I would like only one PC with a static (or DHCP reserved IP) to connect to OPNSense for management purposes (web GUI, SSH to OPNSense) in order to limit management access to the appliance.

Any thoughts and how you have achieved similar setup would be very much appreciated.
Title: Re: Firewall Rule Question
Post by: chemlud on June 13, 2024, 11:32:48 AM
1. Don't allow to WAN/WANnet. Will break connectivity to web.

2. The default "allow any any" rule is only meant as a starter, even on LAN. Refine it to your taste with specific block/allow rules.

3. To avoid traffic from LAN to OPT1 (and vice versa) place a rule on top of the LAN rules list with "block source: LANnet target: OPT1net" (and vice versa). Rules are evaluated from top to bottom, first match will bite (if standard "quick" is set, otherwise the rule will be evaluated last, but that should be kept for special/advanced configurations).
Title: Re: Firewall Rule Question
Post by: laugher on June 13, 2024, 11:54:48 AM
1. That makes a lot of sense. It does break when I use WAN interface as destination. But when I use WAN net, it seems to work. Still trying to understand why. I'll switch it over to any once I am done learning.

2. Got it. I will try to get a grip on what traffic is flowing between all my devices to the WAN interface over the next week or two to tighten it up. At this stage, all I can think of is http, https, dns, imap and ftp to start off with and am hoping social media mobile apps all use standard http/s ports!

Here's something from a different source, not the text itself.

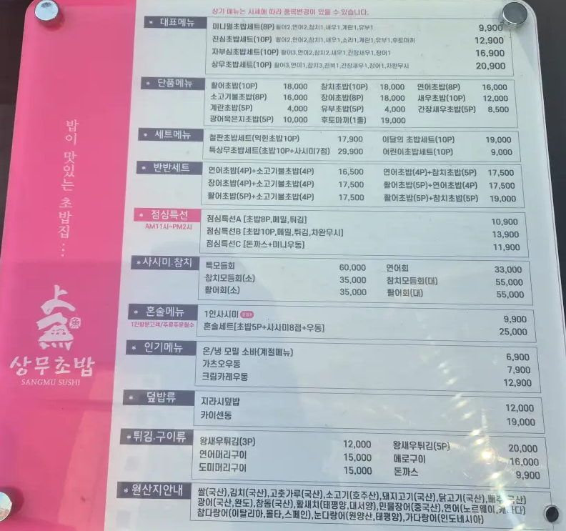 | 오마카세 초밥 세트 | 26,900원 | 광어, 도미, 연어, 새우 등 초밥 14피스 |

3. That's great. Thank you!
Title: Re: Firewall Rule Question
Post by: chemlud on June 13, 2024, 12:12:41 PM
1. Not fully understood here, but maybe CGNAT on WAN?
Title: Re: Firewall Rule Question
Post by: laugher on June 13, 2024, 02:22:28 PM
With my limited understanding, I don't really follow how ISP CGNAT would affect why opnsense would accept connections to WAN net. My only guess at this stage is that all traffic is routed to the default gateway in order to reach an address to the internet.

For example;

Unless I put a packet sniffer on the interface or I wade through the logs, I guess I am just guessing!  :D

But while I am interested, I am not all that interested to find out just yet. Still got lots of other interesting bits to learn here. Going to go with your experience and change it to "any" later.
Title: Re: Firewall Rule Question
Post by: chemlud on June 15, 2024, 04:06:26 PM
routing is "next hop" (... -> WAN IP -> ISP Gateway ->... ), but FW rules should be "target IP"-based.